▶ [Exercise details] A word-for-word copy of the records is needed, with every picture left out.

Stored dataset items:
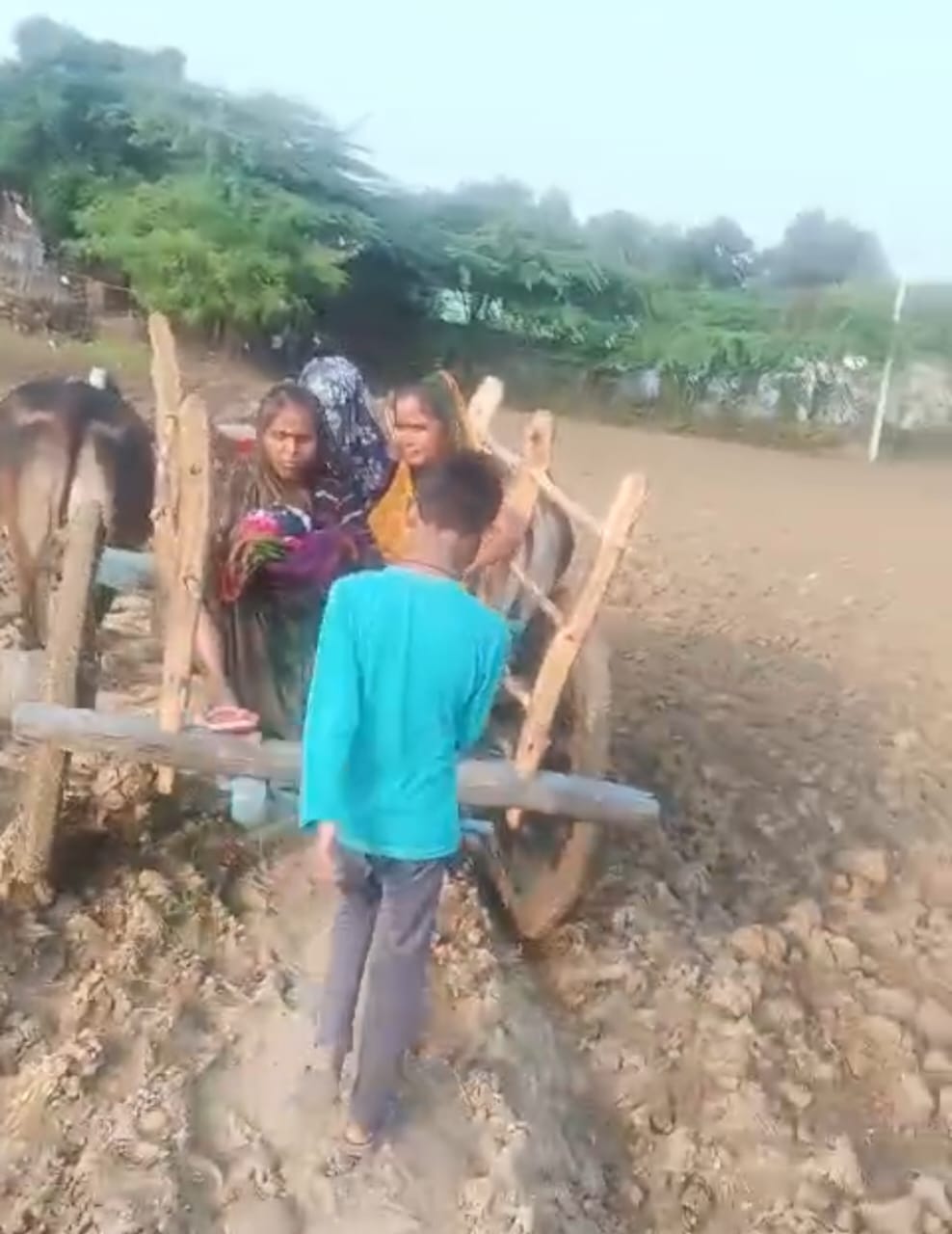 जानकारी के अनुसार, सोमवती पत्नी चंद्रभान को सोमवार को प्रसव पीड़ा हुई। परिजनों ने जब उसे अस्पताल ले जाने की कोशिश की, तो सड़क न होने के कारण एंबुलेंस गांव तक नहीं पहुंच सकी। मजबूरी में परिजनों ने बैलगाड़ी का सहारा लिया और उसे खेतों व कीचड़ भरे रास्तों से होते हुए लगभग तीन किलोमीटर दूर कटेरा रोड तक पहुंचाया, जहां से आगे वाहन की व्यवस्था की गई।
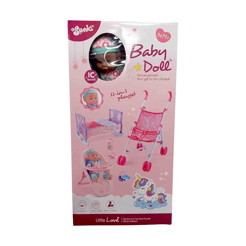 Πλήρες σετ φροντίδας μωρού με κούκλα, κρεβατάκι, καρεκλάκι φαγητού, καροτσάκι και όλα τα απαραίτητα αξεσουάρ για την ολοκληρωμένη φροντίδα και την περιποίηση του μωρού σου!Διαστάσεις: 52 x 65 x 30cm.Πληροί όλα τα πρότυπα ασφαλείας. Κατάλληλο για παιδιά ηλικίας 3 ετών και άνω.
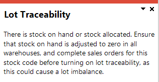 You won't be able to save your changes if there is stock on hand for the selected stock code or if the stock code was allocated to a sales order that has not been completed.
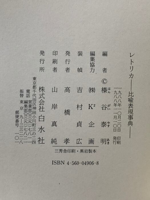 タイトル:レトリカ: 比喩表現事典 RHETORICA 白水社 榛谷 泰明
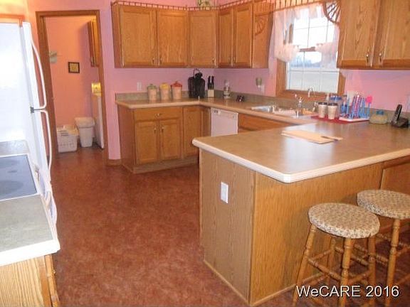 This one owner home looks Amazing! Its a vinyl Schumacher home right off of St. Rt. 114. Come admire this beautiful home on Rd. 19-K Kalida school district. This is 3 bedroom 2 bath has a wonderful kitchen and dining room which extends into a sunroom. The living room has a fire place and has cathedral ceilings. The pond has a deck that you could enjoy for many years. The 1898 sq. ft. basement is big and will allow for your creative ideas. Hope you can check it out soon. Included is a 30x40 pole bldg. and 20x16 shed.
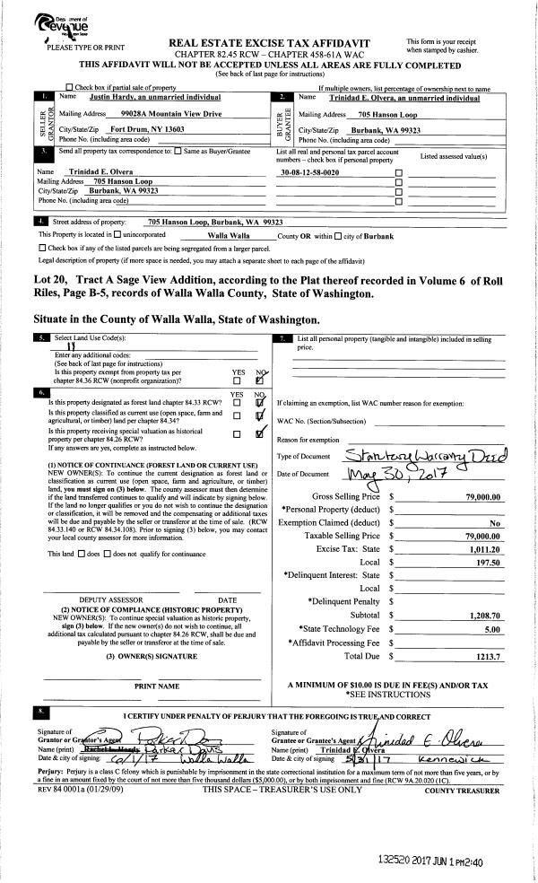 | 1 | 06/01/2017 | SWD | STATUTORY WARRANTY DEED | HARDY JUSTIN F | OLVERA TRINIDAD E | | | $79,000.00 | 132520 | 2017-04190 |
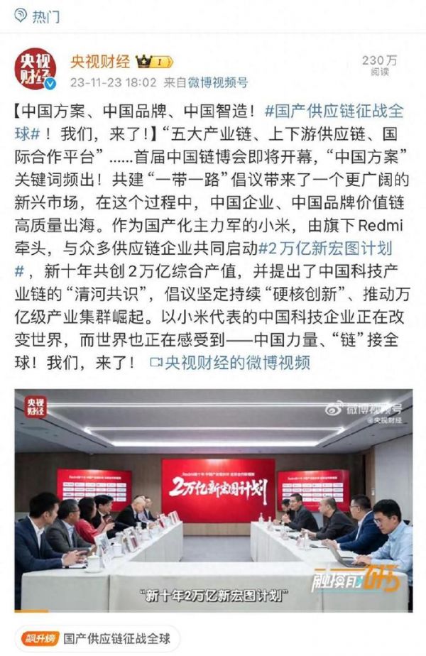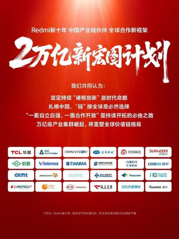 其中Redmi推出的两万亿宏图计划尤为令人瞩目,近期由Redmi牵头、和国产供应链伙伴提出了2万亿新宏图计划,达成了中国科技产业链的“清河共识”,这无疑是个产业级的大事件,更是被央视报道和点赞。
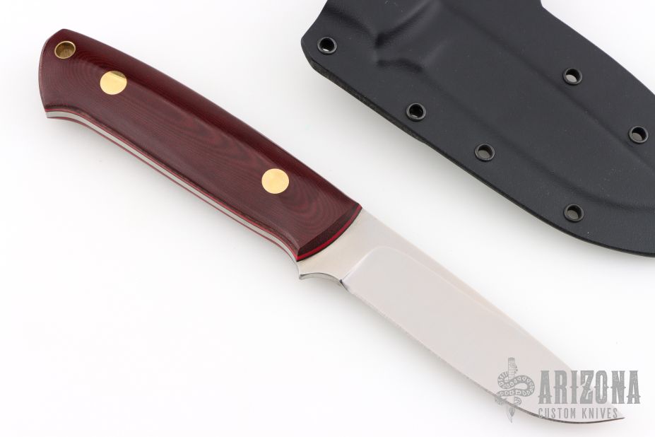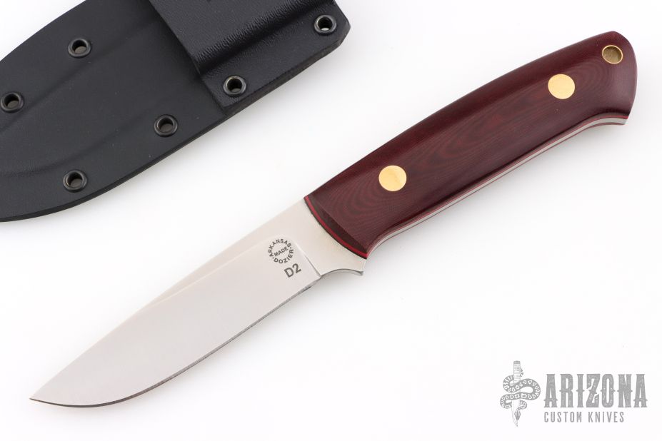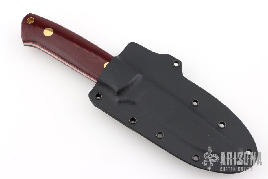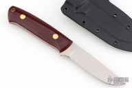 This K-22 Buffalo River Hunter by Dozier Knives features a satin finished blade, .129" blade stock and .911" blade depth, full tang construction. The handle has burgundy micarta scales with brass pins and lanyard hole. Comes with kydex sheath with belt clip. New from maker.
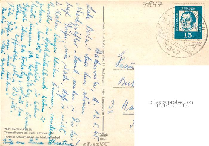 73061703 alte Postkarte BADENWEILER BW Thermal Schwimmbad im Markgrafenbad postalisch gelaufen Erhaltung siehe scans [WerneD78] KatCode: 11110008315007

▶ [Answer below]
 जानकारी के अनुसार, सोमवती पत्नी चंद्रभान को सोमवार को प्रसव पीड़ा हुई। परिजनों ने जब उसे अस्पताल ले जाने की कोशिश की, तो सड़क न होने के कारण एंबुलेंस गांव तक नहीं पहुंच सकी। मजबूरी में परिजनों ने बैलगाड़ी का सहारा लिया और उसे खेतों व कीचड़ भरे रास्तों से होते हुए लगभग तीन किलोमीटर दूर कटेरा रोड तक पहुंचाया, जहां से आगे वाहन की व्यवस्था की गई।
 Πλήρες σετ φροντίδας μωρού με κούκλα, κρεβατάκι, καρεκλάκι φαγητού, καροτσάκι και όλα τα απαραίτητα αξεσουάρ για την ολοκληρωμένη φροντίδα και την περιποίηση του μωρού σου!Διαστάσεις: 52 x 65 x 30cm.Πληροί όλα τα πρότυπα ασφαλείας. Κατάλληλο για παιδιά ηλικίας 3 ετών και άνω.
 You won't be able to save your changes if there is stock on hand for the selected stock code or if the stock code was allocated to a sales order that has not been completed.
 タイトル:レトリカ: 比喩表現事典 RHETORICA 白水社 榛谷 泰明
 This one owner home looks Amazing! Its a vinyl Schumacher home right off of St. Rt. 114. Come admire this beautiful home on Rd. 19-K Kalida school district. This is 3 bedroom 2 bath has a wonderful kitchen and dining room which extends into a sunroom. The living room has a fire place and has cathedral ceilings. The pond has a deck that you could enjoy for many years. The 1898 sq. ft. basement is big and will allow for your creative ideas. Hope you can check it out soon. Included is a 30x40 pole bldg. and 20x16 shed.
 | 1 | 06/01/2017 | SWD | STATUTORY WARRANTY DEED | HARDY JUSTIN F | OLVERA TRINIDAD E | | | $79,000.00 | 132520 | 2017-04190 |
 其中Redmi推出的两万亿宏图计划尤为令人瞩目,近期由Redmi牵头、和国产供应链伙伴提出了2万亿新宏图计划,达成了中国科技产业链的“清河共识”,这无疑是个产业级的大事件,更是被央视报道和点赞。
 This K-22 Buffalo River Hunter by Dozier Knives features a satin finished blade, .129" blade stock and .911" blade depth, full tang construction. The handle has burgundy micarta scales with brass pins and lanyard hole. Comes with kydex sheath with belt clip. New from maker.
 73061703 alte Postkarte BADENWEILER BW Thermal Schwimmbad im Markgrafenbad postalisch gelaufen Erhaltung siehe scans [WerneD78] KatCode: 11110008315007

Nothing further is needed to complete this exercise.